2019/03/05 by Zhengwei Bai, Baigen Cai, Bai, Zhengwei +5 · 2 citations
Computer Science · Engineering · #Advanced Neural Network Applications #Advanced Vision and Imaging #Artificial Intelligence (cs.AI) #Autonomous Vehicle Technology and Safety #Computer Vision and Pattern Recognition (cs.CV) #FOS: Computer and information sciences #cs.AI #cs.CV
paper · pdf · doi:10.48550/arxiv.1903.01712
5 pages, 8 figures, Accepted to 2018 Chinese Automation Congress (CAC)

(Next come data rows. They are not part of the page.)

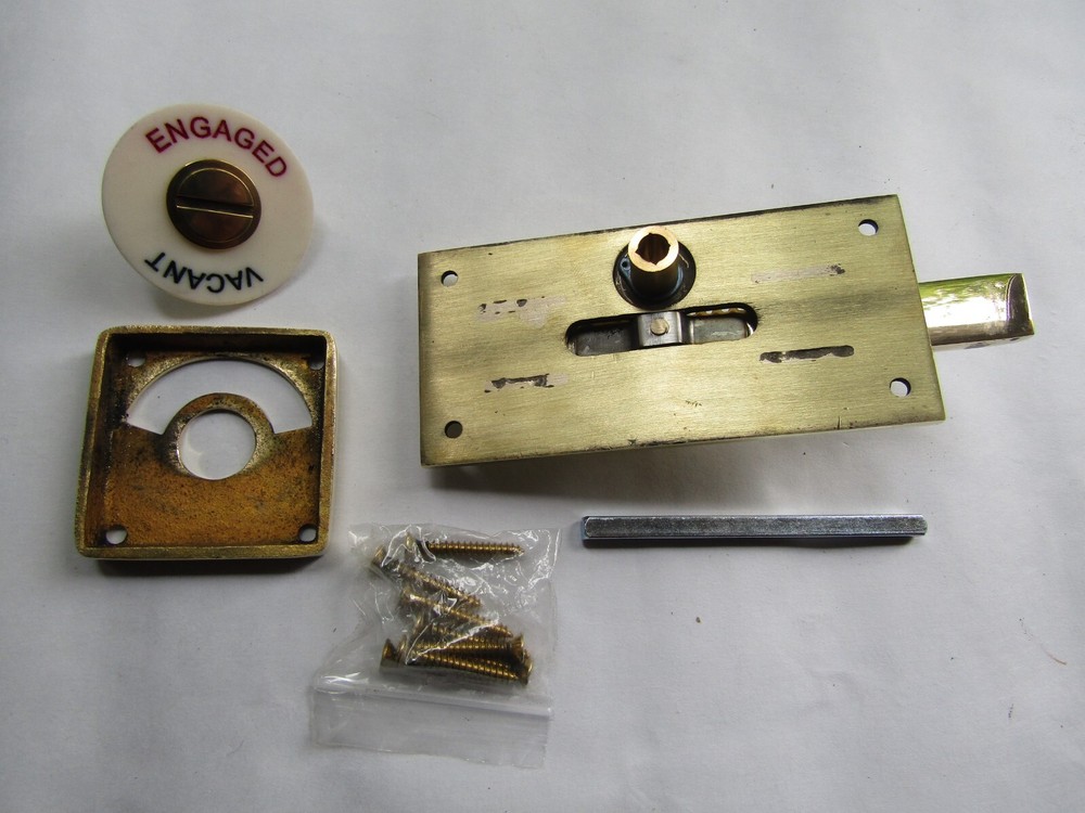 Buckingham washroom indicator bolts are ideal for toilet and washroom cubicles Reproduction of the old pattern Material: Heavy Solid brass Finish: Polished brass Unlacquered will develop own patina with age Main Bolt Body 105mm x 50mm Indicator 50 x 50mm Projection from surface 30mm Spindle 5mm x 80mm Shoot 20mm Bolt designed to slide into wood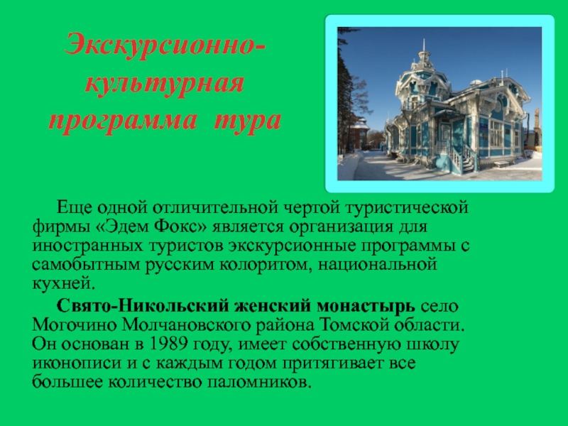 фирмы «Эдем Фокс» является организация для иностранных туристов экскурсионные программы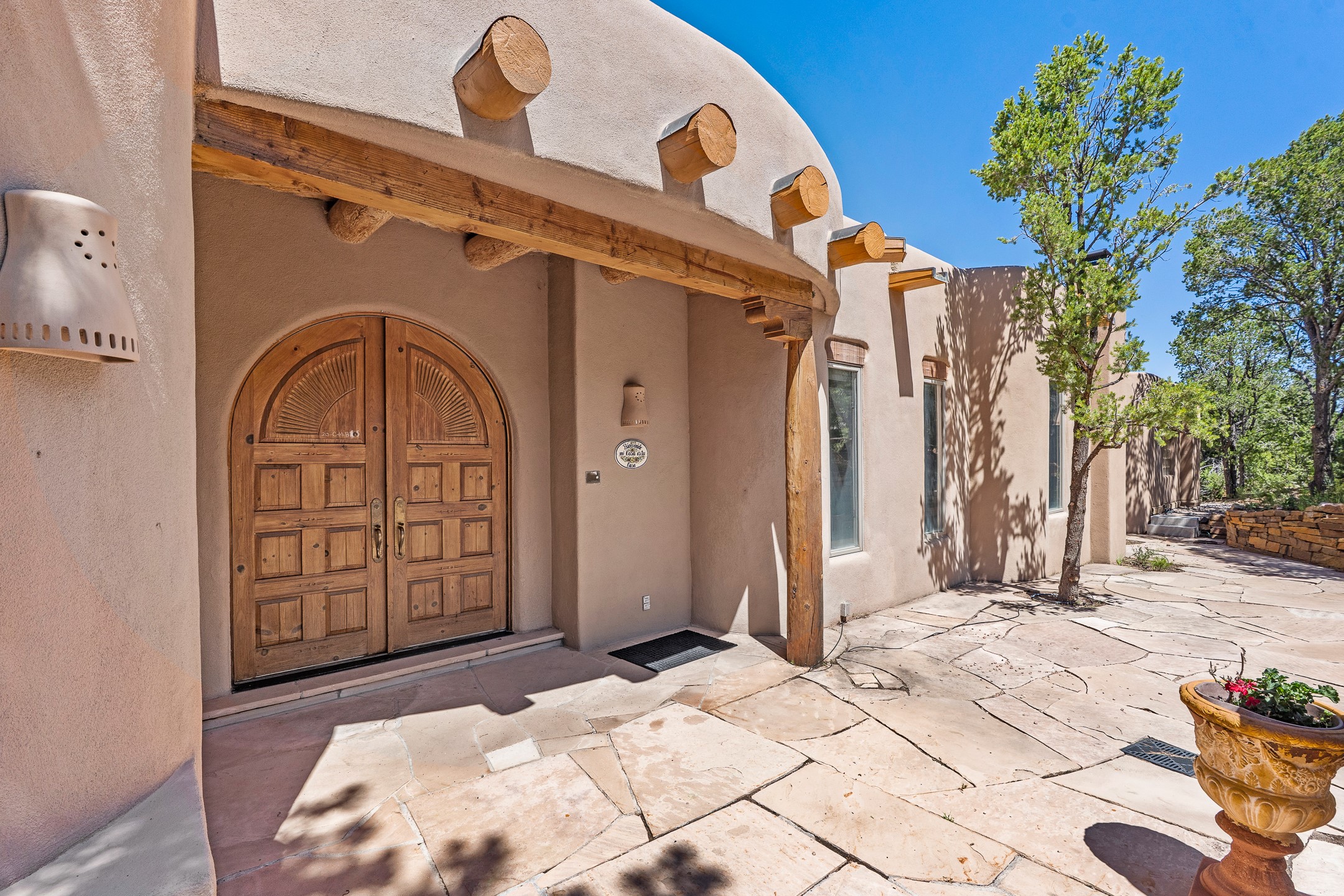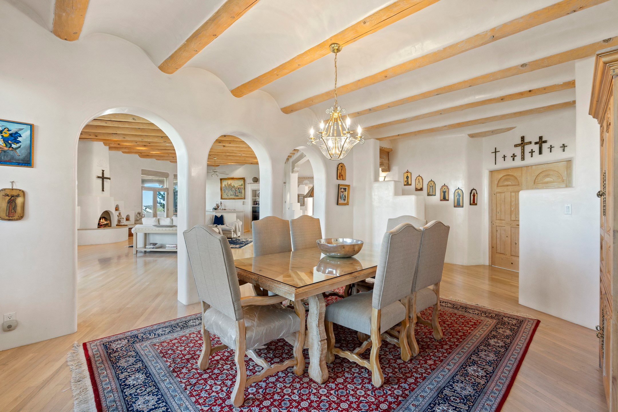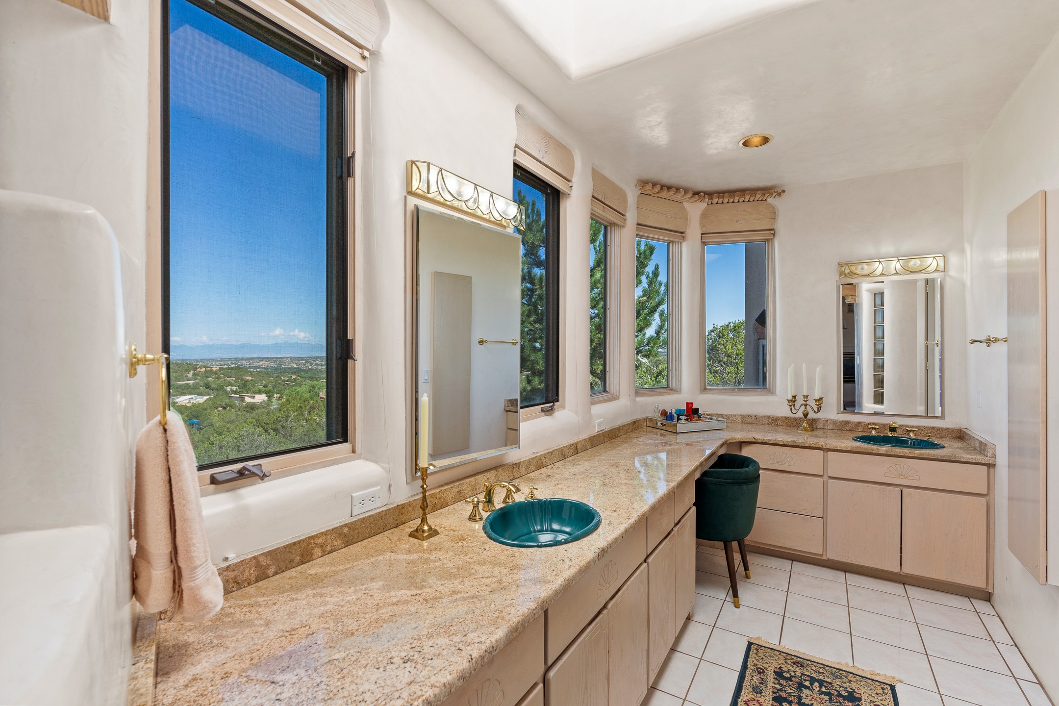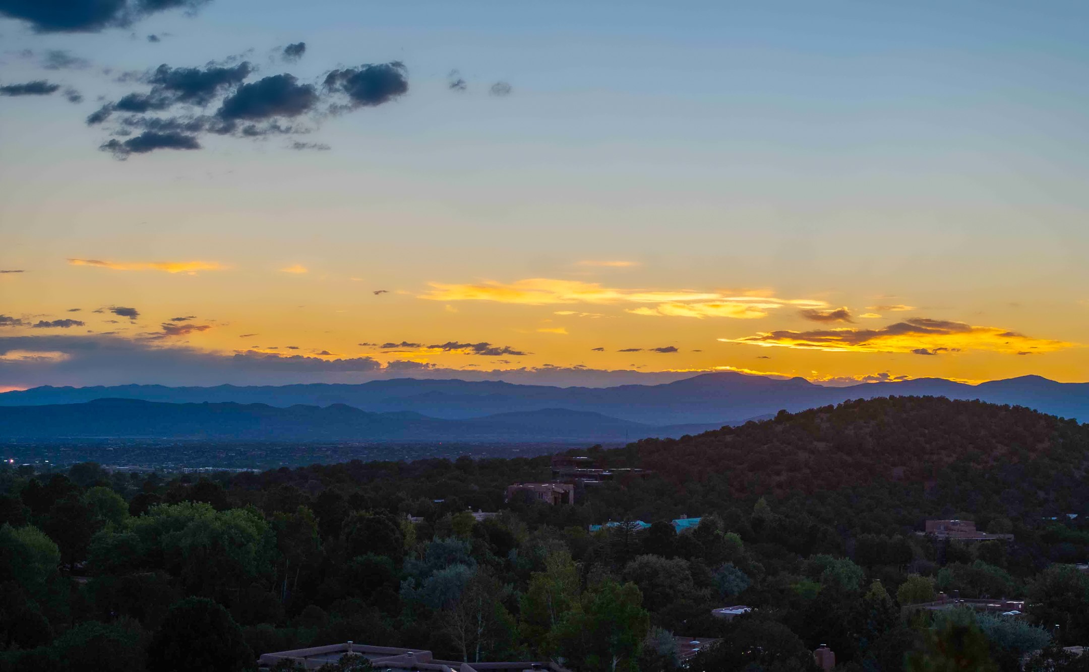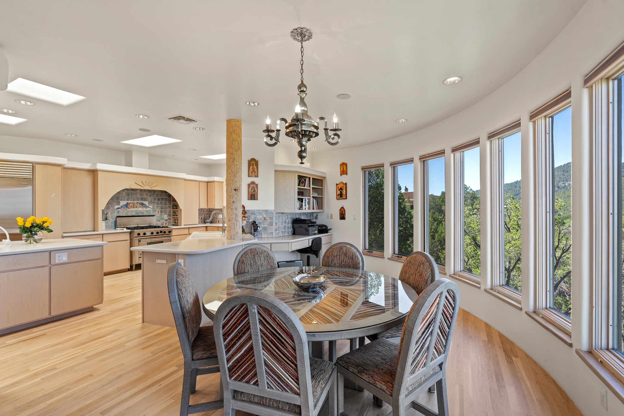 This gated sanctuary, less than 3 miles from the Plaza and Canyon Road, with unmatched views is on the market for first time. The pueblo-style property sits perched on approximately 2.24 acres of abundant aspens and blue spruce that frame the unparalleled city view and distant Sangre de Cristo and Jemez Mountains. Its thick wrap around brick patio is perfect for indoor-outdoor living and entertaining by the outdoor fireplace and skies. The extensive windows and glass doors on the westside of the home allow sunsets to bathe the home in shades of pink nightly. Upon entering the foyer you are warmed by a small kiva fireplace to greet your entrance. The main residence consists of 3 bedrooms, 2 1/2 baths, a library, an office, a den, an expansive sized great room, a bar, a gourmet kitchen, and 6 fireplaces. The 2 bedroom, 1 full bath guest house also offers panoramic views with a full kitchen, private covered patio, and kiva adorning the living room. Direct access to the main house as well as its own private entrance. The curved living quarters of the guest house boasts wall to wall windows of city views. Discover the magic of this property that sits perched above downtown Santa Fe with direct access to the Wilderness trails and the natural beauty of Santa Fe.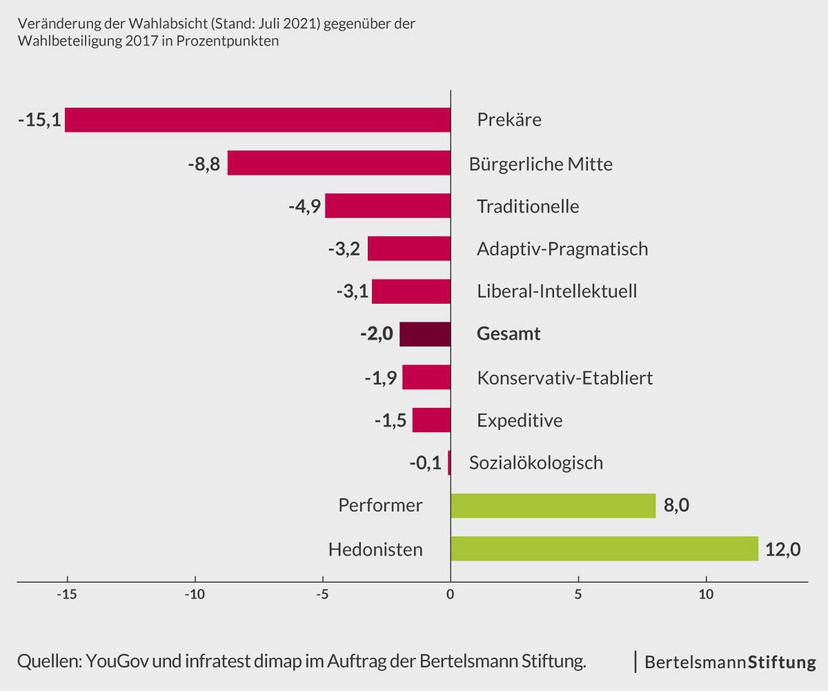 Die 2017 leicht rückläufige Spaltung könnte sich deshalb bei der Bundestagswahl 2021 wieder vertiefen, wenn der populistische Einmaleffekt verpufft, weil die enttäuschten Protestwähler:innen aus den sozial prekären Milieus wieder in die Wahlverweigerung gehen. Genau das lassen die aktuellen Umfragedaten zur Wahlbereitschaft dieser Milieus vermuten. Und pandemiebedingt zeigen sich derzeit auch die anderen Milieus noch etwas wahlmüde. Das könnte sich zu einem „Corona-Effekt" verdichten, der die Wahlbeteiligung bei der Bundestagswahl 2021 spürbar verringert und ihre soziale Spaltung wieder vertieft.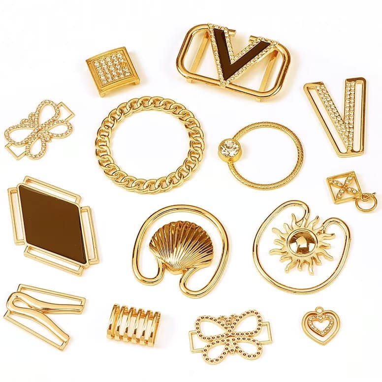 - Metal hardware: rings, sliders, hooks in gold, silver or matte finishes
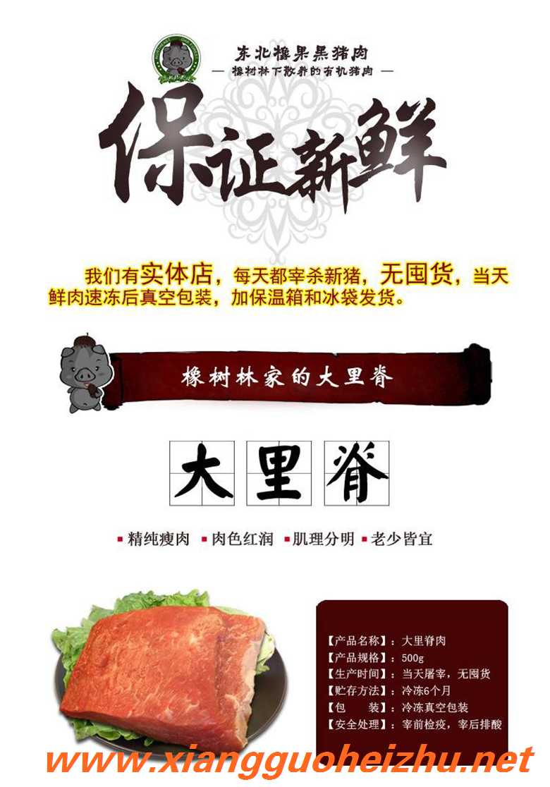 【大里脊500g】橡果黑猪肉东北特产绿色有机农家散养土猪新鲜塑封
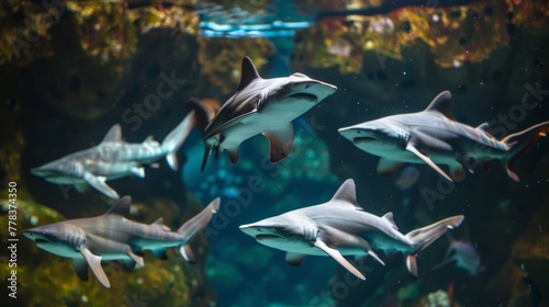 Fototapeta premium Group of Sharks Swimming in an Aquarium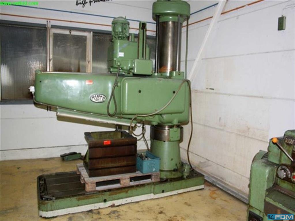 Producent: RABOMA Modelu: 12Rh1600 Rok produkcji: 1957 Typ maszyny: Wiertarka promieniowa Specyfikacja techniczna: - Max. Wydajność wiercenia (materiał pełny): 75 mm - Średnica wrzeciona: 114 mm - Stożek wrzeciona: MK 5 - Przesuw wrzeciona: 500 mm - Moc napędu: 7,5 kW - Zakres prędkości: 14 – 1 400 obr./min Wymiary stołu roboczego: - Powierzchnia górna: 750 × 1 000 mm - Powierzchnia boczna: 530 × 1 000 mm - Płyta podstawy: 1.000 × 1.600 mm Regulacje i ruchy: - Regulacja wysięgnika: - Pionowo: 1 000 mm - Poziomo: 950 mm (zamykany na klucz) - Regulacja suwaka wiertła: - Poziomo: 1 000 mm - Zakres obrotu wysięgnika: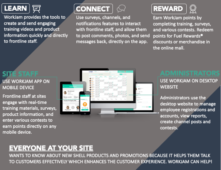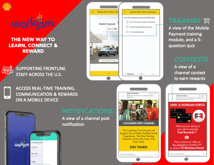 Launched the first-ever site staff engagement app called WorkJam which delivers Shell branded content and training to all site site staff working at Shell gas stations directly on their mobile device.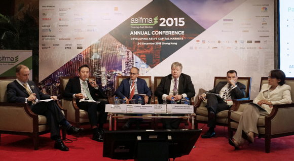 ▲'ASIFMA 2015'에 참석중인 유재훈 예탁결제원 사장(왼쪽 2번째)이 3일 '증권시장인프라 연계세션'에 패널로 참가해 발언하고 있다. (사진제공=예탁결제원)
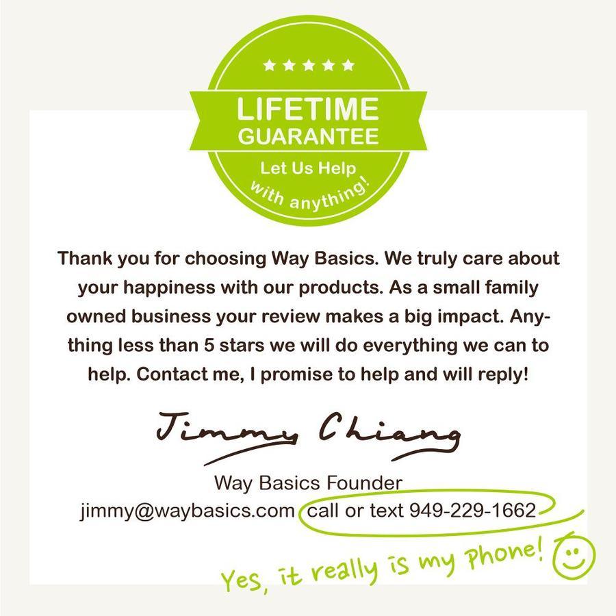 Lifetime guarantee; Happiness with product and service promised by our CEO and founder
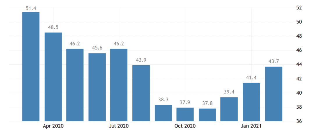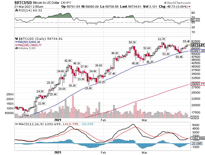 さて、ビットコインの日足チャートを眺めると、50日移動平均線をサポートラインに反発しており、史上最高値の6万1700ドルをターゲットに上昇を開始していることがわかります。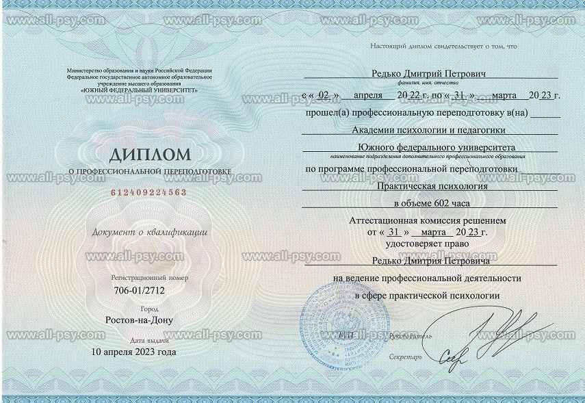 Меня зовут Редько Дмитрий, мне 54 года, я психолог, психоаналитик. Имею высшее психологическое и психоаналитическое образование и опыт психологического консультирования более 1 года. Работаю в психоаналитическом и интегративном подходах. Регулярно прохожу личную психотерапию и супервизии у более опытных коллег. Буду рад встрече с Вами и совместной работе над Вашим запросом.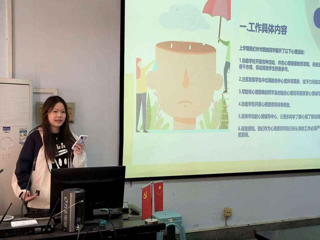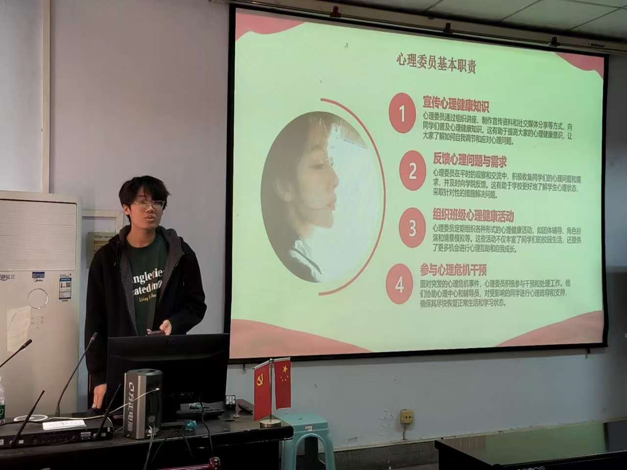 会议伊始,心理委员代表依次上台发言。张硕洋分享了心理委员的职责、在班级中的作用、目标设定等方面的相关经验;董恩妤则展示了自己的工作风采,并鼓励大家积极参与澳门银河App

arxiv created 2019/03/05 · openalex publication_date 2019/03/05 · arxiv updated 2019/03/06 · openalex created_date 2025/10/10 · openalex updated_date 2026/07/28
Motion Planning, as a fundamental technology of automatic navigation for the autonomous vehicle, is still an open challenging issue in the real-life traffic situation and is mostly applied by the model-based approaches. However, due to the complexity of the traffic situations and the uncertainty of the edge cases, it is hard to devise a general motion planning system for the autonomous vehicle. In this paper, we proposed a motion planning model based on deep learning (named as spatiotemporal LSTM network), which is able to generate a real-time reflection based on spatiotemporal information extraction. To be specific, the model based on spatiotemporal LSTM network has three main structure. Firstly, the Convolutional Long-short Term Memory (Conv-LSTM) is used to extract hidden features through sequential image data. Then, the 3D Convolutional Neural Network(3D-CNN) is applied to extract the spatiotemporal information from the multi-frame feature information. Finally, the fully connected neural networks are used to construct a control model for autonomous vehicle steering angle. The experiments demonstrated that the proposed method can generate a robust and accurate visual motion planning results for the autonomous vehicle.